Although there is a certain technical draw on the military side, all international actors say that the worst thing for citizens is for them. "The rainy season will soon come and there will be nothing to sow and no tools for cultivation, as looting and destruction has been total. And they haven't fled to where. Tigray is completely under siege," Bilbao said.
Famine is a
Bilbao weapon which has underlined that Tigray is a very poor area. Tigray needed over a hundred trucks a day of humanitarian aid to survive. It is a more African country that has never managed to get out of the evil wheel of malnutrition and international aid. According to OXFAM, half of the population lives below poverty in Ethiopia, data that grows even more in Tigray. However, the Government of Ethiopia continues to use hunger as the main weapon in this war, although it insists that it has never failed to honour its commitment to ensuring a safe path to the incorporation of humanitarian aid into Tigray.
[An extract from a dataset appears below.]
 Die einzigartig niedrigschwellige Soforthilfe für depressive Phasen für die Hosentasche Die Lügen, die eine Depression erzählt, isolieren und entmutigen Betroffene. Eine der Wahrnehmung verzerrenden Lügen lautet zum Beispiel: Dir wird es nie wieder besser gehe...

According to UN emergency aid coordinator Martin Griffiths, the conflict must stop quickly. About 5.2 million people in the Tigray area, more than 90% of the region's population, need help to survive. Of these, some 400,000 are already in extreme hunger. And, of course, the first to suffer are the smallest: two-thirds of the people who die in starvation are small children.
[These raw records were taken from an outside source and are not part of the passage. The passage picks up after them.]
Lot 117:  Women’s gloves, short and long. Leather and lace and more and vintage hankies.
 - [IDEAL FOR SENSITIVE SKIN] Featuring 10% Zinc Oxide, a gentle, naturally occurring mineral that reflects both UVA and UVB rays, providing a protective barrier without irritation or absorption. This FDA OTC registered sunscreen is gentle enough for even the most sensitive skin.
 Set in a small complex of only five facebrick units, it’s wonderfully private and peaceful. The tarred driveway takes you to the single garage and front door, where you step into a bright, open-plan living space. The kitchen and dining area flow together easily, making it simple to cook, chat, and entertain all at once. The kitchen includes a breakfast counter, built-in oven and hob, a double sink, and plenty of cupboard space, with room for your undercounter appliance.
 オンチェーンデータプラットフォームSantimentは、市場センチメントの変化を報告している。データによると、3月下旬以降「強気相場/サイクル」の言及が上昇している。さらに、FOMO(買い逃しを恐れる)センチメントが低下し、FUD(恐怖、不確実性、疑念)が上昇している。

On the other hand, doctors and citizens of a town in Amhara denounce the killing of 120 civilians by TPLF guerrillas in early September. This attack has not yet been ratified by any independent organization and TPLF has denied its participation. Spokesman Getachew Reda noted the following: “We firmly reject the fact that our forces have been involved in the killing of civilians and demand, moreover, an independent investigation into all the horrors that have occurred.”
And now what?
"Abiy Ahmed calls on all war-capable Ethiopians to join the army to participate in the 'final attack'. The president of the Amhara region brings together all religious leaders and asks them to join the 'religious war' against Tigray. The killings of Tigrinys living outside the Tigray are multiplying, for example in the capital of Addis Ababa. The media and official institutions say that Tigray and TPLF are terrorists. They do not consider it a legitimate agent, which impedes the door to any peace agreement," said Mikel Bilbao.
The media and armed blockade imposed on Tigray continues. The number of displaced persons and deaths is increasing. The TPLF is fighting on several fronts and the Ethiopian Government is preparing a broader military offensive. The international community (EE.UU., China, the European Union or the African Union headquartered in Addis Ababa) has shown, at the most, a "concern" about the situation in Ethiopia, without moving its finger. Therefore, if someone or something does not stop it, all the conditions are laid down for the massacre to survive.
Barack Obama, the Nobel Peace Prize, is the president of history who has ordered more people to be killed by drones. Well, Abiy Ahmed also wants to be part of this cruel story, with a curious title: the criminal war with a novel of peace.